Magdeburg Cable Island: aforementioned wake boarding adventures....tucked into the middle of the city, naturally.

die Grüne Zitadelle von Magdeburg Better known as the Hundertwasser house which is pretty much the wild, slightly tacky physical realization of his artwork.

Magdeburg Dom: The oldest cathedral in Germany, and one of the tallest in the former east Germany. Construction began in 1209, though it took a couple hundred years to complete it. It's huge and filled with art and scultpures and carvings, and also happened to save 4000 people from murder, rape, etc. during the 30 Years War.
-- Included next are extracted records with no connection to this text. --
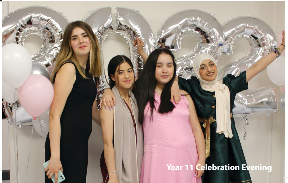
Year 11 Celebration Evening

Ursuline High School loves to reward success, we have celebration events for every year group where students are commended individually for their achievements!.
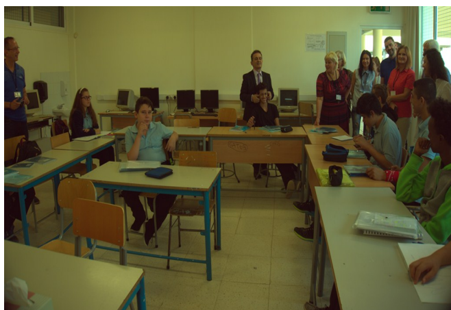
Visiting the immigrants class

We attended a lesson where immigrants and refugees were taught, there were two Russian-speaking boys: one- from Russia, another one- from Ukraine. They liked their school very much, but the Greek Language is quite difficult for them to learn, despite of the teachers' support.
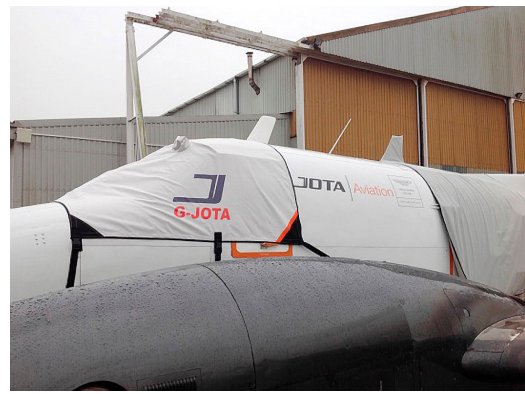
King Air Windshield/Cockpit Cover
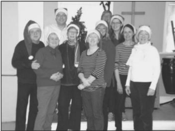
Food Bank Volunteers
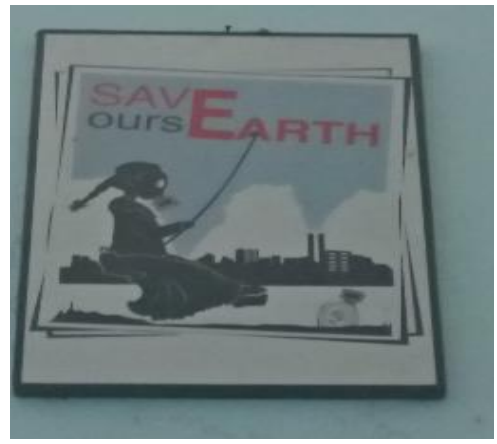
Figure 27. Monolingual sign in English showing a grammatical mistake (A2/338)

The use of English in the school LL was frequently found in three forms: short phrases to name rooms, proverbs, and common expressions such as "No smoking" and "Go green". Schools' efforts to display English in their school areas can be regarded as to show their enthusiasm to promote the language so that school members, especially students, become more and more familiar with it. However, the three forms indicate limited capability of the sign makers to use English creatively. Furthermore, the use of English in longer phrases or sentences in the school signs is not without problems because it shows less capability of the sign makers. As some scholars found, the use of English at LL does not always indicate that the people around the LL are capable of English (Ben-Rafael, et al., 2006; Cenoz & Gorter, 2008; Piller, 2001, 2003). Various mistakes observed from the use of English in the school LL can be seen from following examples.
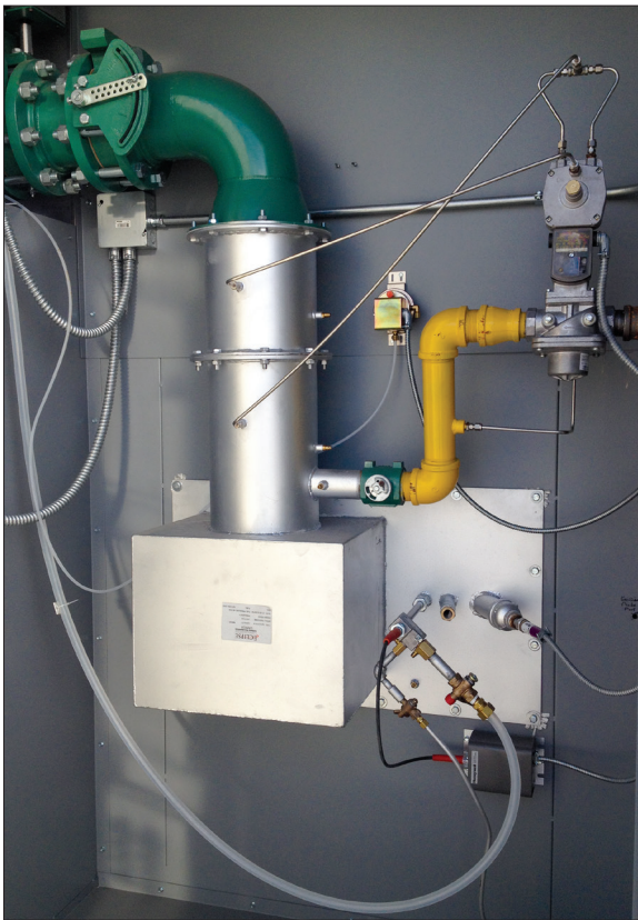
Linnox ULE burner installed inside the air handling unit.

When the air handling equipment was commissioned at the customer site, the burners were quickly tuned for optimal performance. The weather on the day of startup was mild, with an outdoor air temperature of approximately 60°F. Achieving the maximum outlet temperature of 140°F was easily accomplished, and the stable low fire performance of the Linnox ULE was demonstrated when the outlet temperature was set to the low end of 70°F. The Linnox ULE was able to heat the process air only 10 degrees, while meeting the emissions requirements.

Plau Am See Plauer See: Lake houses are always nice, but they're even better when they are on a chain of lakes and with friends you haven't seen in ten plus years. This also happens to be (if memory serves) the third largest lake in Germany.

Kletterpark: Climbing on tight ropes and swinging ropes 30-40 ft in the air (with harnesses). Who knew it could be so entertaining?

In General Old friends, new babies, great families. Rides on old bikes on dirt roads. Murphy beds. Motherless Brooklyn by Jonathan Lethem. Baths in lakes. A nip of Honey infused Highland Malt Whiskey from the apiary up the road from the lake house that we enjoyed in Berlin while on video chat with awesome friends. Gluten-free selection in most German supermarkets. Jacob brand instant espresso: cheaper than 2euro coffee and tastes better sometimes. Dairy selection: particularly quark (pronounced kvahrk), apfel-mohn yogurt, Soft cheeses and, especially, Waldmeister ice cream. Dark chocolate spread and honey at every breakfast, and a little more chocolate tucked in a peel roasted banana after a cook-out. Watching Inglorious Basterds in Magdeburg - somewhat surreal. Learning how to understand the Deutsche Bahn train system. Practicing our German with a two year old and the parents of our friends.